___ Data provided

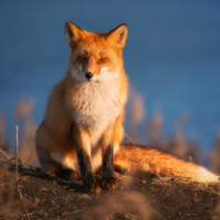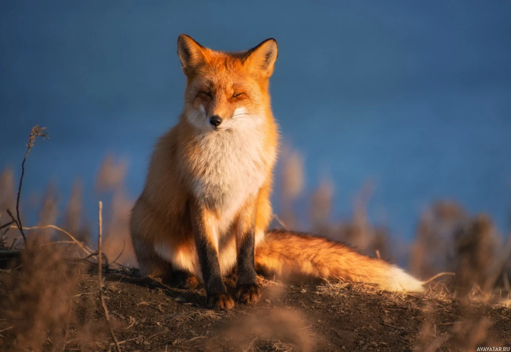 На картинке изображена рыжая лиса, сидящая на холме, похожем на холм, поросший травой или кустарником. Лиса стоит лицом к камере, и ее пристальный взгляд говорит о настороженности или любопытстве. Кажется, что это восход или закат солнца из-за теплого света, освещающего сцену.
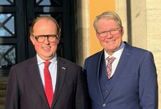 Am 14. Januar konnte der Landesbeauftragte Nikolaus Jansen den Gedeputeerden der Provinz Fryslân, Friso Douwstra, zu einem fachlichen Austausch begrüßen. Im Mittelpunkt des Treffens standen Chancen und Möglichkeiten der grenzübergreifenden Zusammenarbeit in Fryslân und Weser-Ems. Insbesondere im Bereich des Wassermanagements und der zirkulären Wirtschaft gibt es viel Potenzial, die gute bisherige Zusammenarbeit noch weiter auszubauen.
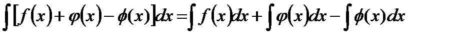 3. Неопределенный интеграл от алгебраической суммы функций равен алгебраической сумме интегралов от слагаемых функций:

______

• **Exercise requirements**
Print the full listing above exactly. Pictures stay out of the copy.

• **Answer box**
 На картинке изображена рыжая лиса, сидящая на холме, похожем на холм, поросший травой или кустарником. Лиса стоит лицом к камере, и ее пристальный взгляд говорит о настороженности или любопытстве. Кажется, что это восход или закат солнца из-за теплого света, освещающего сцену.
 Am 14. Januar konnte der Landesbeauftragte Nikolaus Jansen den Gedeputeerden der Provinz Fryslân, Friso Douwstra, zu einem fachlichen Austausch begrüßen. Im Mittelpunkt des Treffens standen Chancen und Möglichkeiten der grenzübergreifenden Zusammenarbeit in Fryslân und Weser-Ems. Insbesondere im Bereich des Wassermanagements und der zirkulären Wirtschaft gibt es viel Potenzial, die gute bisherige Zusammenarbeit noch weiter auszubauen.
 3. Неопределенный интеграл от алгебраической суммы функций равен алгебраической сумме интегралов от слагаемых функций:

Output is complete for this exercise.